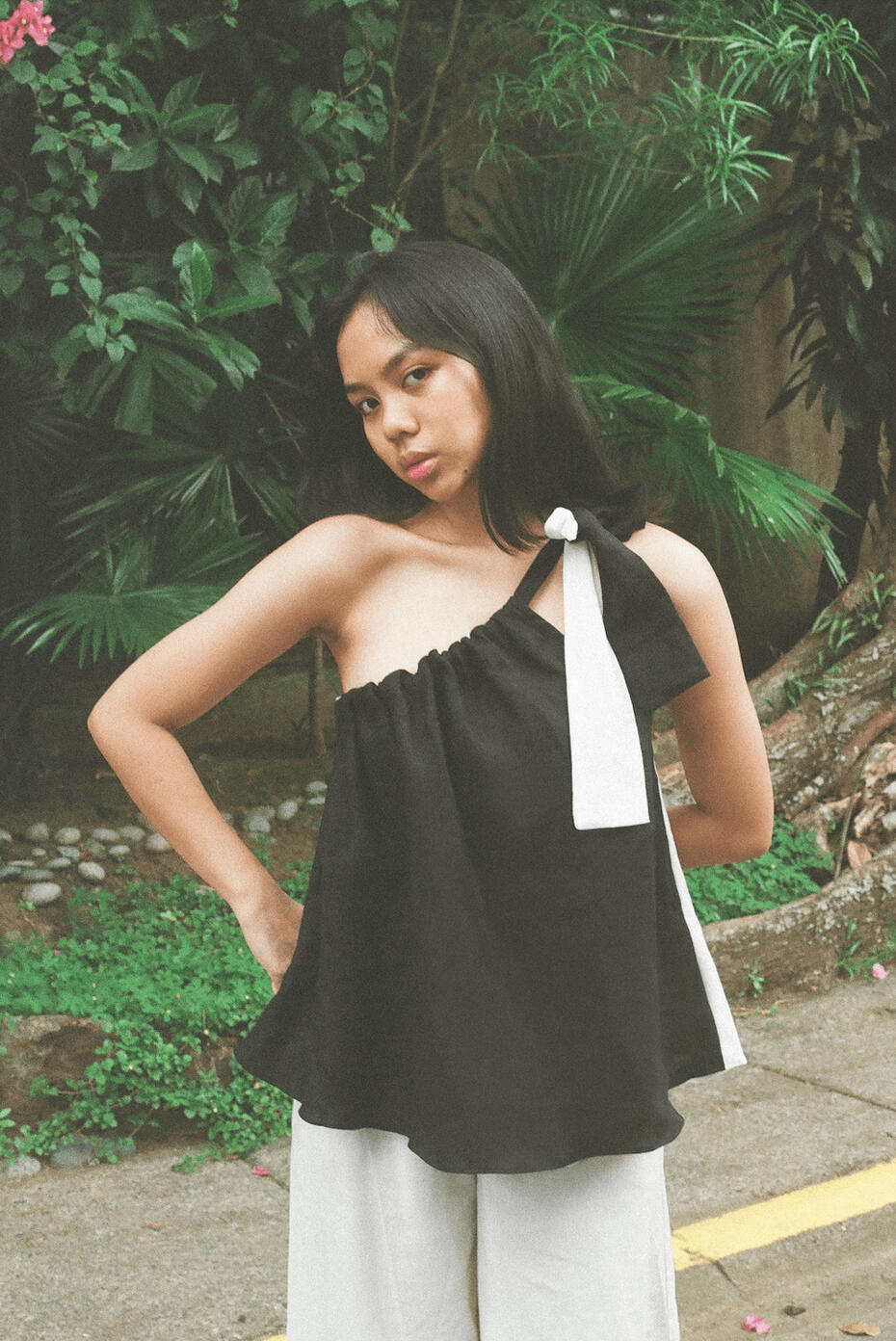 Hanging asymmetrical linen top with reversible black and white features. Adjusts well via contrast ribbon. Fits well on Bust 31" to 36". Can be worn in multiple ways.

---

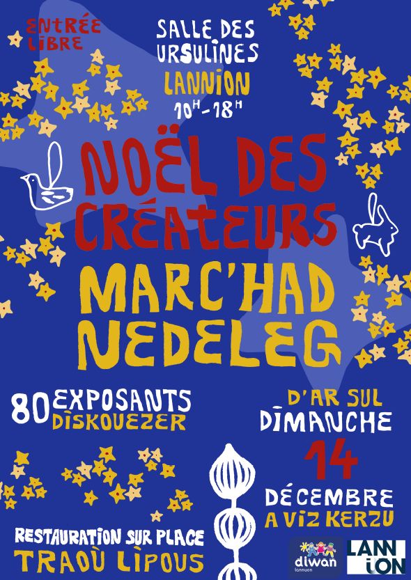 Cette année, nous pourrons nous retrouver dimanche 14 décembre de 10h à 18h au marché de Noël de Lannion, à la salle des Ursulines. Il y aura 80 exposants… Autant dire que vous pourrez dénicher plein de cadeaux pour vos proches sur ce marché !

* * *

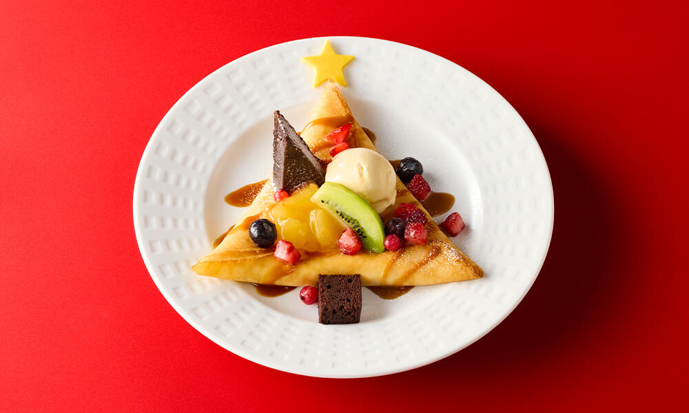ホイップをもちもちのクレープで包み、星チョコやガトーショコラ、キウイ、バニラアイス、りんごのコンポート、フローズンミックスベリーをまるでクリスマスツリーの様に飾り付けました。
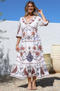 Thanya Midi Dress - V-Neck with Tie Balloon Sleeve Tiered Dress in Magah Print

**Exercise:** Leave out every picture, and copy exactly the lines above starting at the one holding "ホイップをもちもちのクレープ" and ending at the one holding "Thanya Midi Dress", no more and no less.

**Exercise solution:**
ホイップをもちもちのクレープで包み、星チョコやガトーショコラ、キウイ、バニラアイス、りんごのコンポート、フローズンミックスベリーをまるでクリスマスツリーの様に飾り付けました。
 Thanya Midi Dress - V-Neck with Tie Balloon Sleeve Tiered Dress in Magah Print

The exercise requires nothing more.